Sedangkan rumusan
menurut
mayoritas kelompok Ushuliyyin,
ijtihad adalah pengerahan segenap
kesanggupan dari seorang ahli fiqih
atau mujtahid untuk memperoleh
pengertian tingkat dhanni terhadap
sesuatu hukum syara' (hukum Islam).
Dari definisi tersebut dapat ditarik beberapa kesimpulan
sebagai berikut:
1. Pelaku utihad adalah seorang ahli fiqih/hukum Islam
(faqih), bukan yang lain.
2. Yang ingin dicapai oleh ijtihad adalah hukum syar'I,
yaitu hukum Islam yang berhubungan dengan tingkah
laku dan perbuatan orang-orang dewasa, bukan hukum
i'tiqadi atau hukum khuluqi,
3. Status hukum syar'i yang dihasilkan oleh ijtihad adalah
dhanni.
Dasar Hukum Ijtihad
Di dalam Al-Qur’an, perintah ijtihad terdapat dalam
surat an-Nisa ayat 83, asy-Syu’ara ayat 38, surat
al-Hasyar ayat 2, dan surat al-Baqarah ayat 59.
Sementara itu, dasar ijtihad terdapat pula pada
sebuah hadist Nabi SAW yang artinya: “Apabila
seorang hakim berijtihad dan benar, maka baginya
dua pahala, tetapi bila berijtihad lalu keliru maka
baginya satu pahala (HR. Bukhari dan Muslim).”
Disamping itu, pada zaman Nabi SAW, nabi pernah
mengutus salah seorang sahabat yang bernama Muadz bin
Jabal sebagai Gubernur Yaman.
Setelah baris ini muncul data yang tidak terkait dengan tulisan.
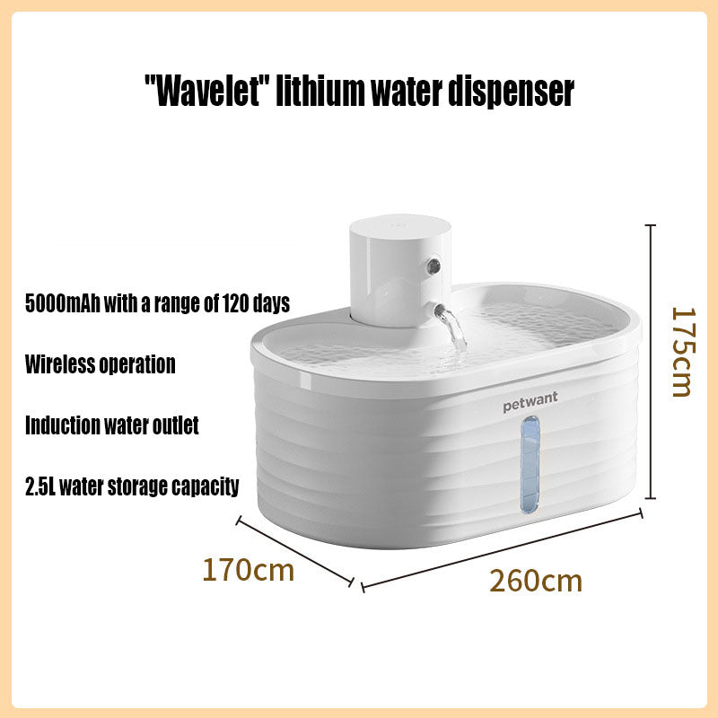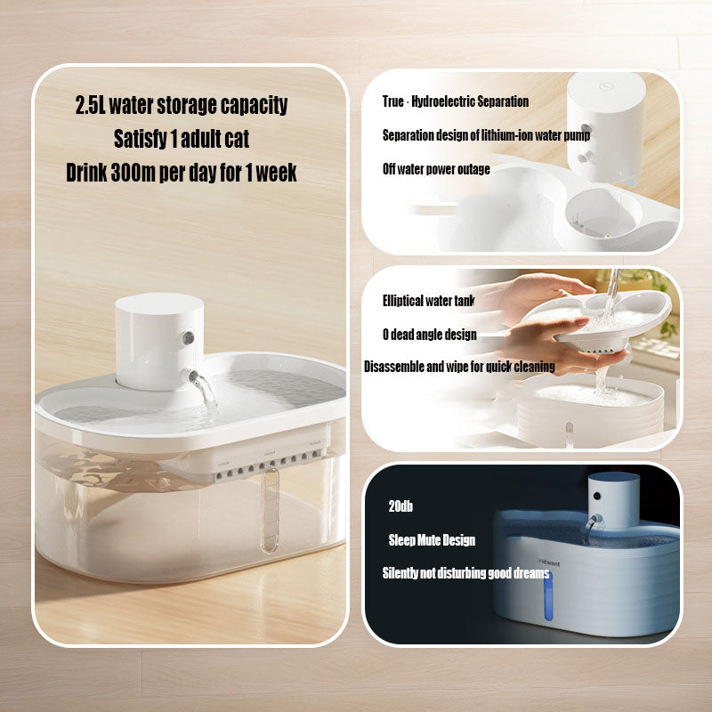 βš™οΈ Wireless operation with long-lasting battery life Intelligent hydration protocols with sensor activation 2.5L capacity with adjustable flow modes BPA-free construction for safe, clean drinking water Whisper-quiet design ideal for sensitive cats Easy disassembly for quick cleaning and refilling πŸ“ Specifications Capacity: 2.5L Dimensions: 8.5” L Γ— 6.5” W Γ— 6.5” H Weight: 1.8 lbs. Material: BPA-free plastic, stainless steel filter Color: White Primary Customers Cat guardians seeking a premium, low-maintenance hydration solution that blends quiet operation with intelligent water flow for improved feline health. πŸ“œ Real-World Classification Wireless Pet Water Fountain – 2.5L – Infrared Sensing – Multi-Mode – White Common Search Terms Cat water fountain, Wireless cat fountain, Automatic pet water dispenser, Rechargeable cat fountain, Smart pet fountain, Cat hydration station, Cat water bowl alternative, Quiet cat fountain, 2.5L cat fountain

Sebelum Muadz berangkat,
Nabi terlebih dahulu menguji tentang metode Muadz di
dalam menyelesaikan masalah hukum. Apa jawaban yang
terlontar dari Muadz, dia akan menyelesaikan masalah
dengan al-Quran, kemudian dengan as-Sunnah, dan kalau
di dalam kedua sumber hukum utama itu tidak didapatkan
penjelasan, maka dia akan melakukan ijtihad dengan
pertimbangan pikirannya sendiri. Dengan jawaban-jawaban
Muadz yang mendasar ini, maka Nabi kagum dan salut
kepadanya seraya menepuk-nepuk dadanya.
Peristiwa Nabi dan Muadz bin Jabal di atas,
menunjukkan kesadaran Nabi terhadap polarisasi
zaman dengan segala kemungkinan yang ada, dan
adanya kesepakatan Nabi tentang status kekuatan
ijtihad sebagai sumber norma dalam Islam.